++++ SUPPLIED DATA

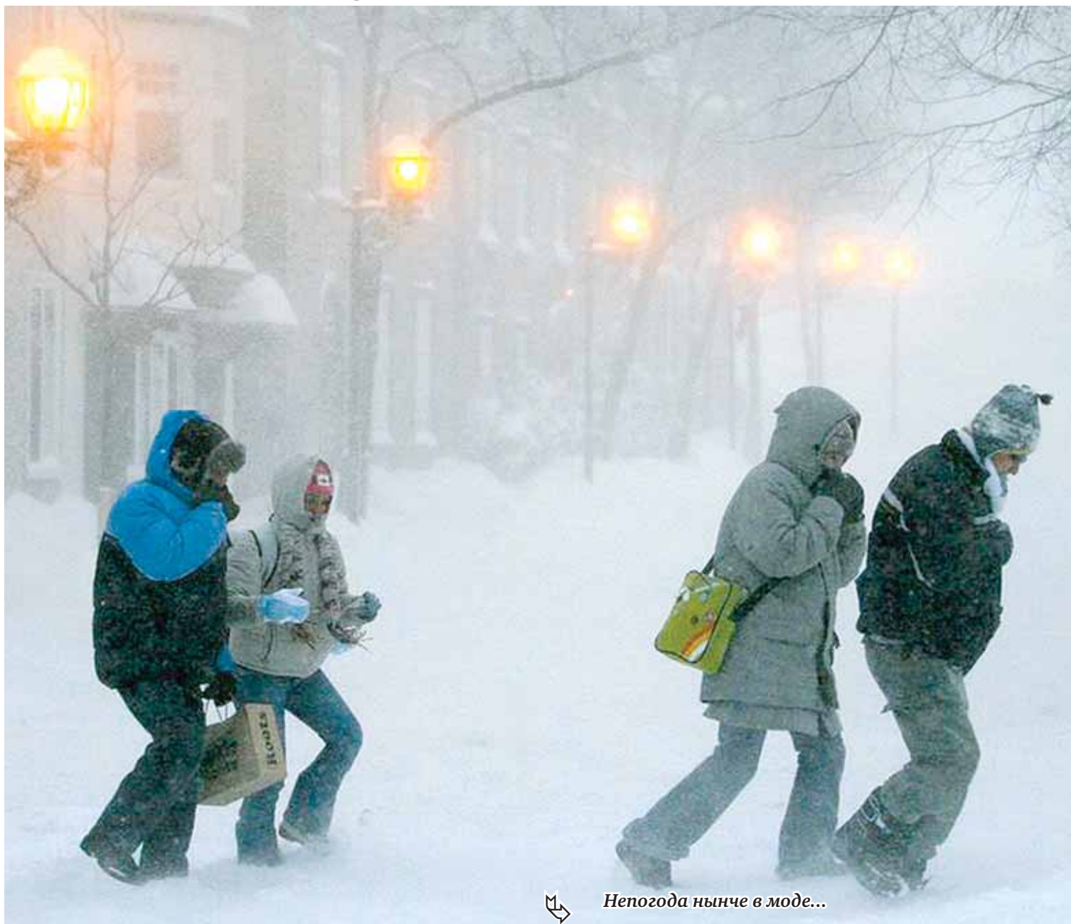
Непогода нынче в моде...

++++++++
++++ SUPPLIED DATA

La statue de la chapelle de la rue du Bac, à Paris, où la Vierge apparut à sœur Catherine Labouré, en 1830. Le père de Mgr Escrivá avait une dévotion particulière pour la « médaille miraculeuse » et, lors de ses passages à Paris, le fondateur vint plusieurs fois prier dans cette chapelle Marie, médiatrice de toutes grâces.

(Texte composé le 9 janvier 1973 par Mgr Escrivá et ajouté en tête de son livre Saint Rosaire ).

++++++++
++++ SUPPLIED DATA

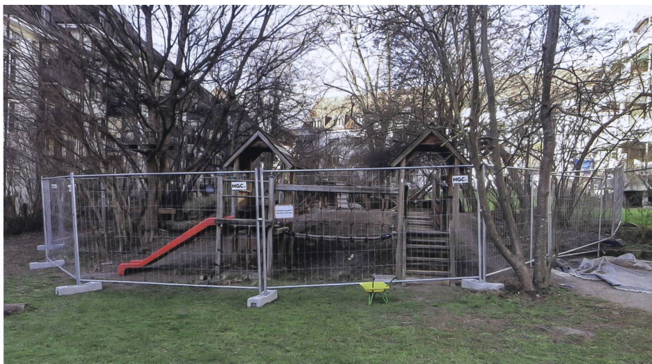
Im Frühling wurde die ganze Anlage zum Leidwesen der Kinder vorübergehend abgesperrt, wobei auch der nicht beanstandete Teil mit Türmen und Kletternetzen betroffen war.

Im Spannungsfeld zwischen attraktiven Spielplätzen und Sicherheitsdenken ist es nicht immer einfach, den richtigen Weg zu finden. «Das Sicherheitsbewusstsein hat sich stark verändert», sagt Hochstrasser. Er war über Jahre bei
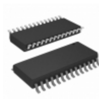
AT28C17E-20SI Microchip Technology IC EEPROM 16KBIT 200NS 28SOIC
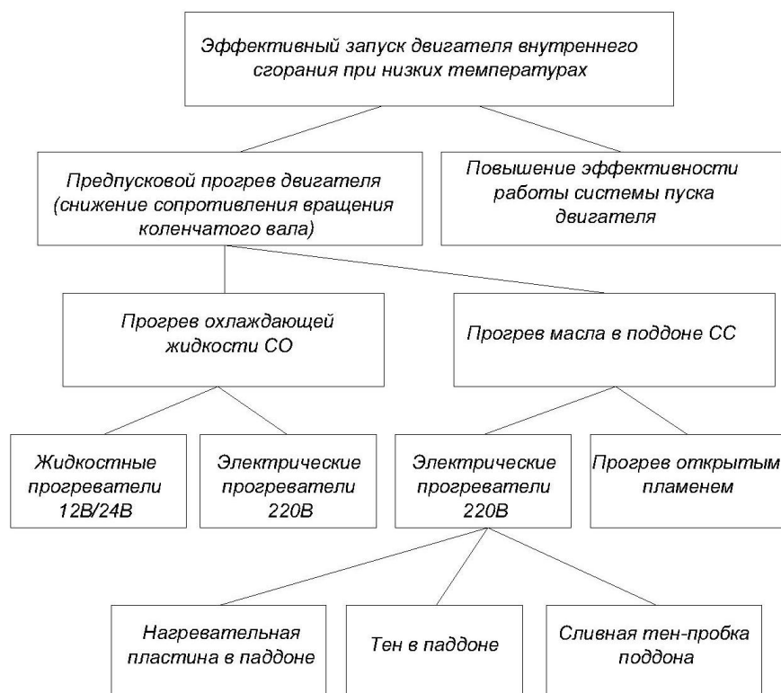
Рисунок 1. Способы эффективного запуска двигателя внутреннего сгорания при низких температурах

++++++++

## [REQUIRED WORK]
Copy out every line of the data in which the word "Escrivá" is found.

## [EXPECTED OUTPUT]
La statue de la chapelle de la rue du Bac, à Paris, où la Vierge apparut à sœur Catherine Labouré, en 1830. Le père de Mgr Escrivá avait une dévotion particulière pour la « médaille miraculeuse » et, lors de ses passages à Paris, le fondateur vint plusieurs fois prier dans cette chapelle Marie, médiatrice de toutes grâces.
(Texte composé le 9 janvier 1973 par Mgr Escrivá et ajouté en tête de son livre Saint Rosaire ).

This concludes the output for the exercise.